If you’re interested in learning about the history of GPUs I’d highly recommend listening to Acquired’s episode(s) on Nvidia. However, I have taken the liberty of bringing you right to the punchline — high-throughput capabilities are useful for a whole lot more than just graphics rendering: Proof-of-worked based cryptocurrency mining, matrix multiplication (ie ML), scientific computing, video editing, etc, et al.

This offloading of specific tasks from CPUs to GPUs (or any specialised hardware for that matter!) is known as hardware acceleration. GPUs accelerate graphics rendering as well as certain types of computation.

The History of Graphics APIs

We’re at a point now where we know why our applications would want to communicate with GPUs. Hardware acceleration!
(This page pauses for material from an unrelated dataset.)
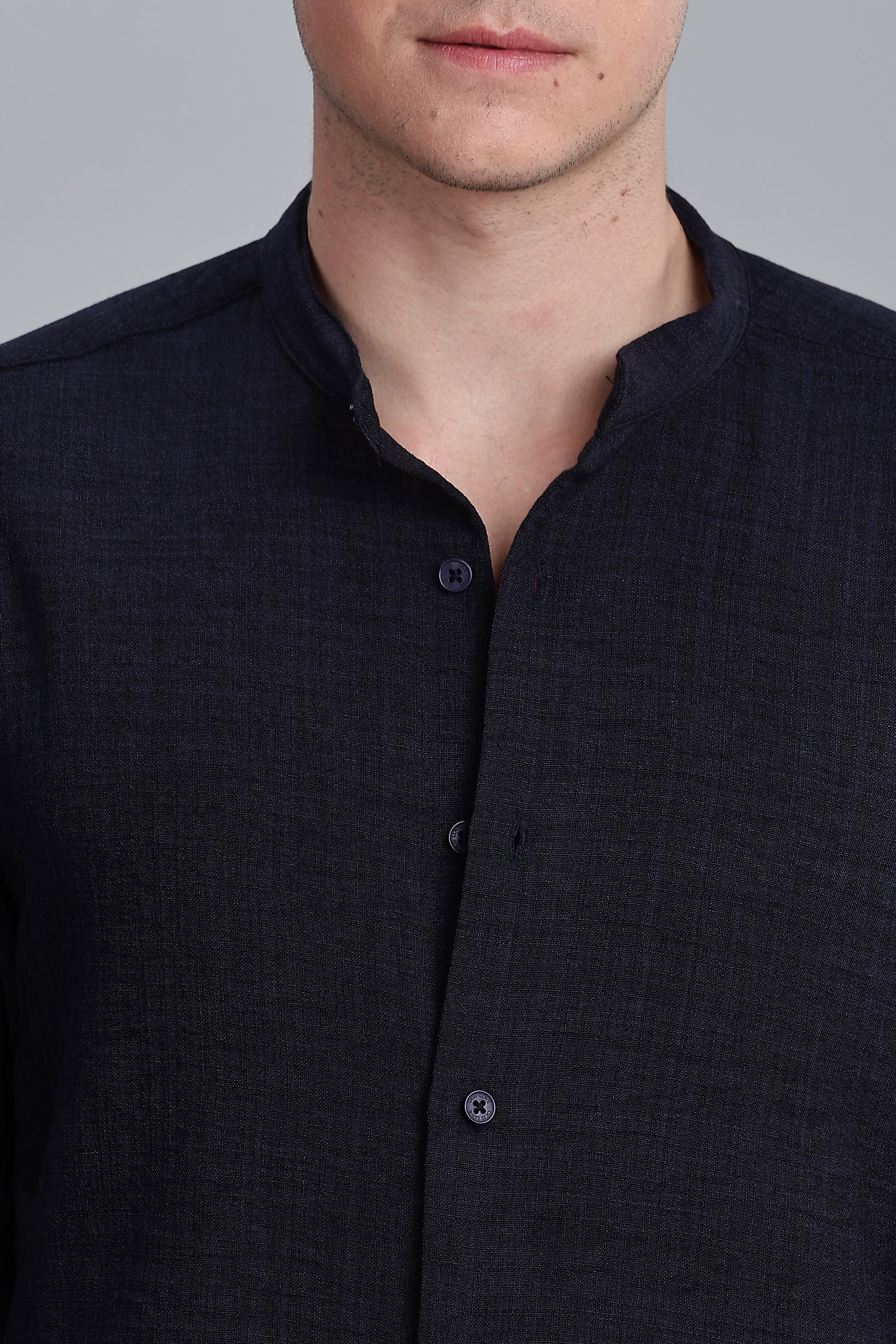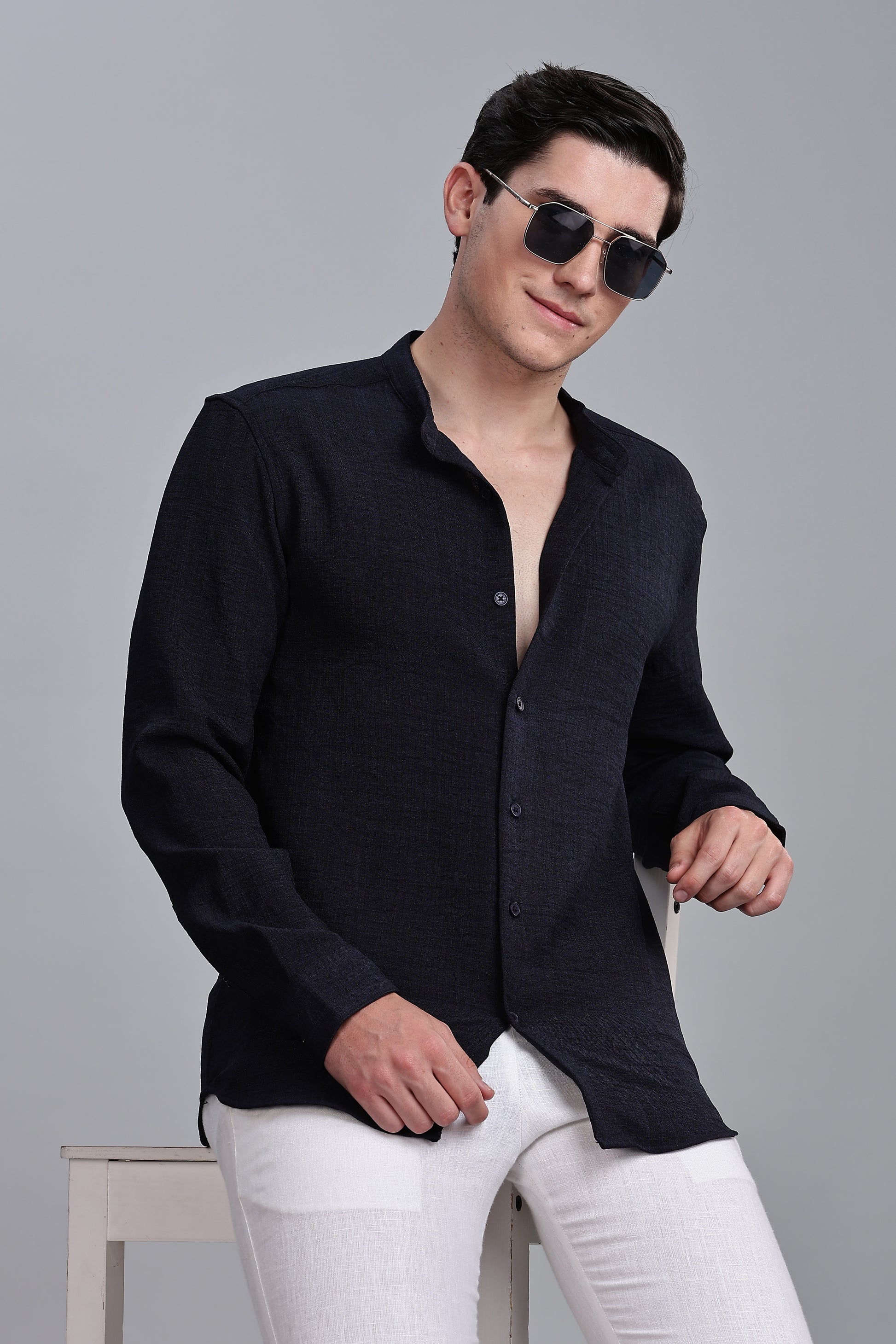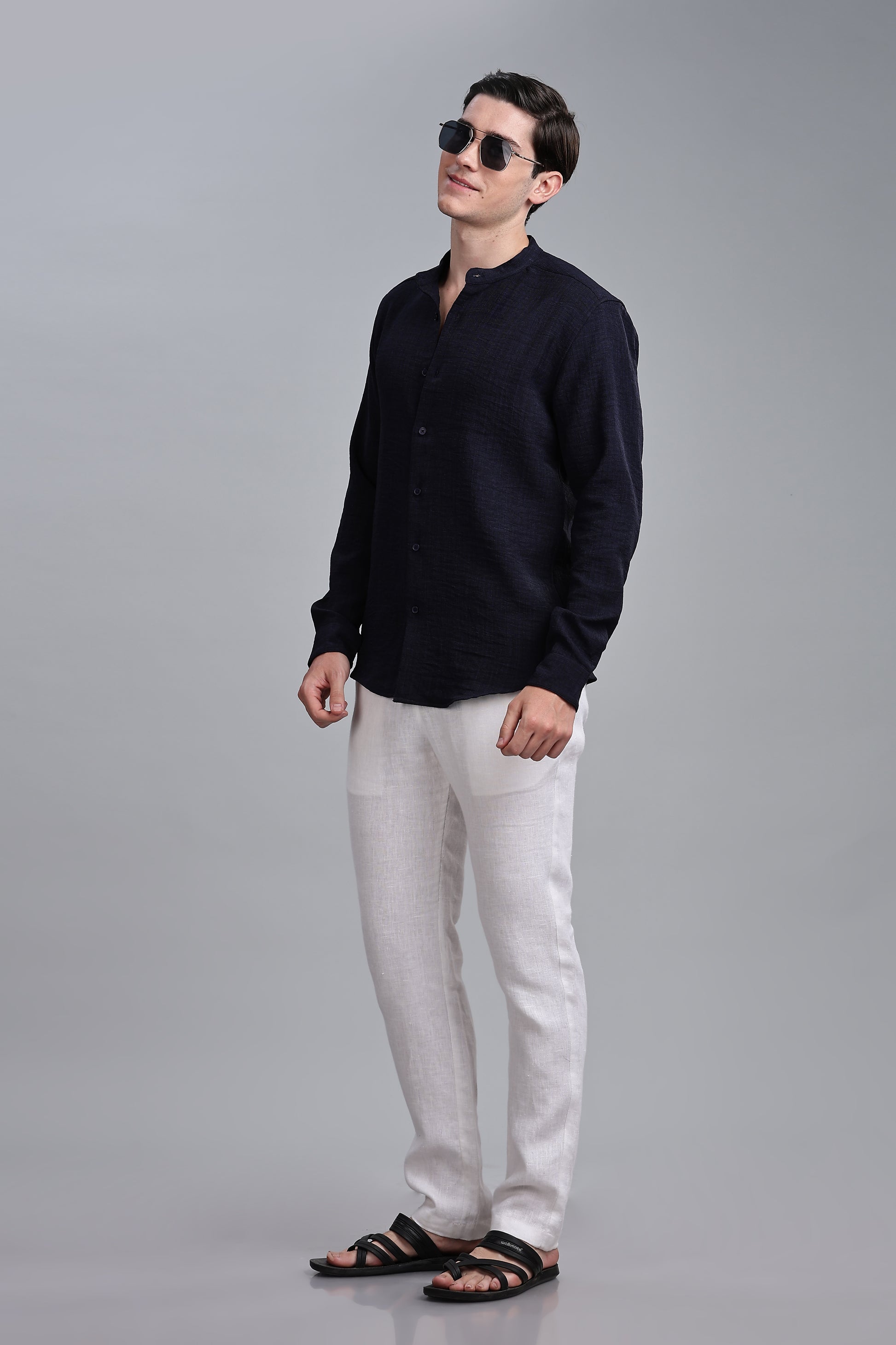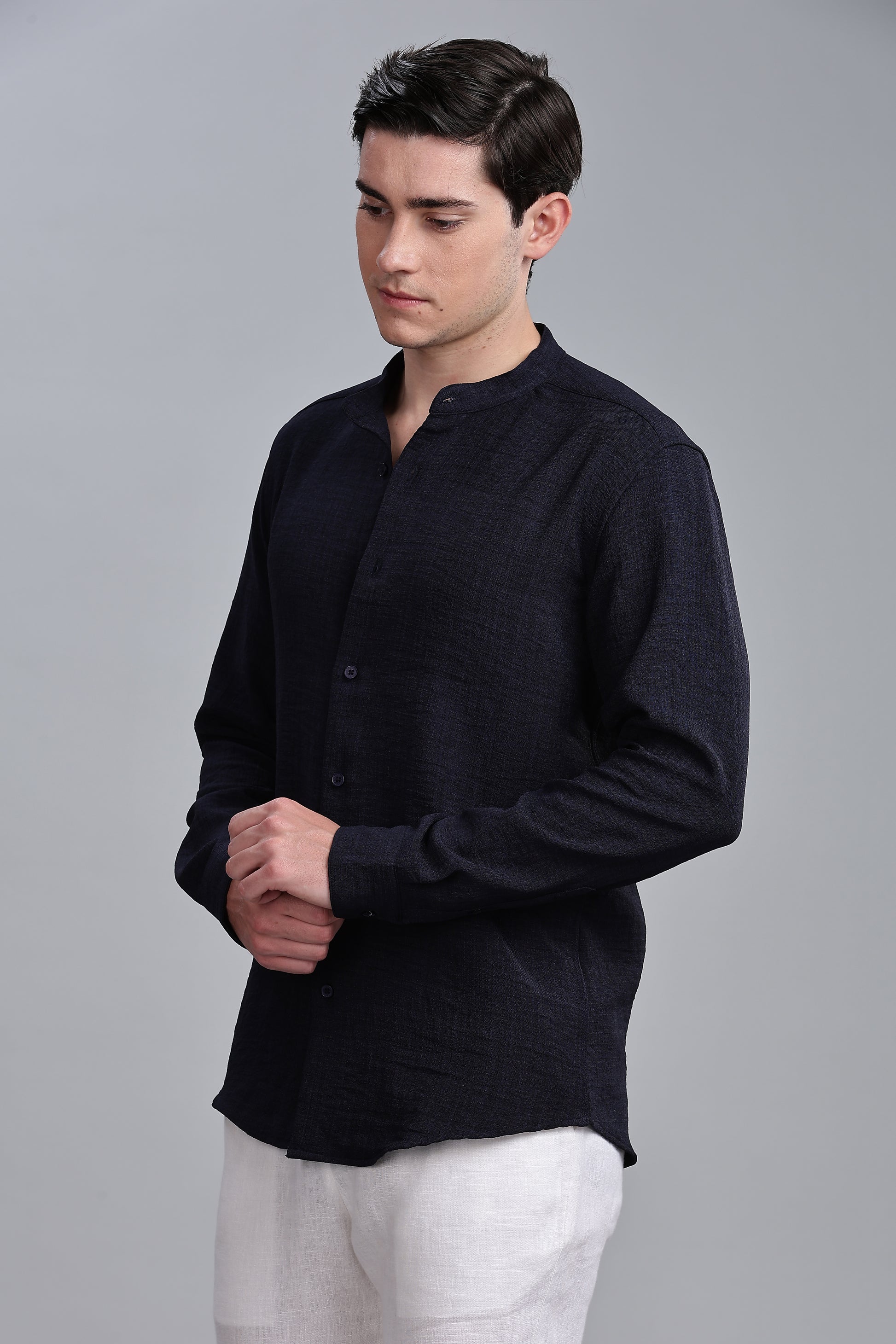 Navy Blue Linen Blend Mandarin Collar Shirt

But, how does this communication happen? Graphics APIs,

The history of the modern graphics pipeline starts in a galaxy far, far away (sorry..) at LucasFilm in 1980. Back then, computer graphics was a particularly onerous process; every GPU model had its own software (ie “drivers”).

Technical Detail: “drivers” expose the GPU’s capabilities to the operating system in a way the OS understands and expects. The operating system in turn can expose it to applications, using various graphics APIs.

This meant that if a developer wanted to get a GPU to execute their graphics pipeline (remember, chain of functions), they would need to know the exact “instruction set” for that particular make of GPU. Talk about “doing things that don’t scale”!

Thankfully, the OpenGL (Khronos Group) & DirectX (Microsoft) “Graphics APIs” were released in 1992 & 1995 respectively.

These Graphics APIs provided a common interface for developers, whereby they could learn the API’s specification vs. the specification of a specific GPU driver. The API would then handle an individual GPU’s idiosyncrasies.

Alas, these APIs and their GPU counterparts weren’t perfect. They only ran the “fixed-function pipeline”, or “FFP”. I promised many acronyms!

For once in graphics, the parlance here is semi-informative. “Fixed Function” meant that there was a specific, fixed, set of functions (e.g., make these pixels look “foggy”) exposed to the developer (by these APIs) that they could avail of when rendering graphics.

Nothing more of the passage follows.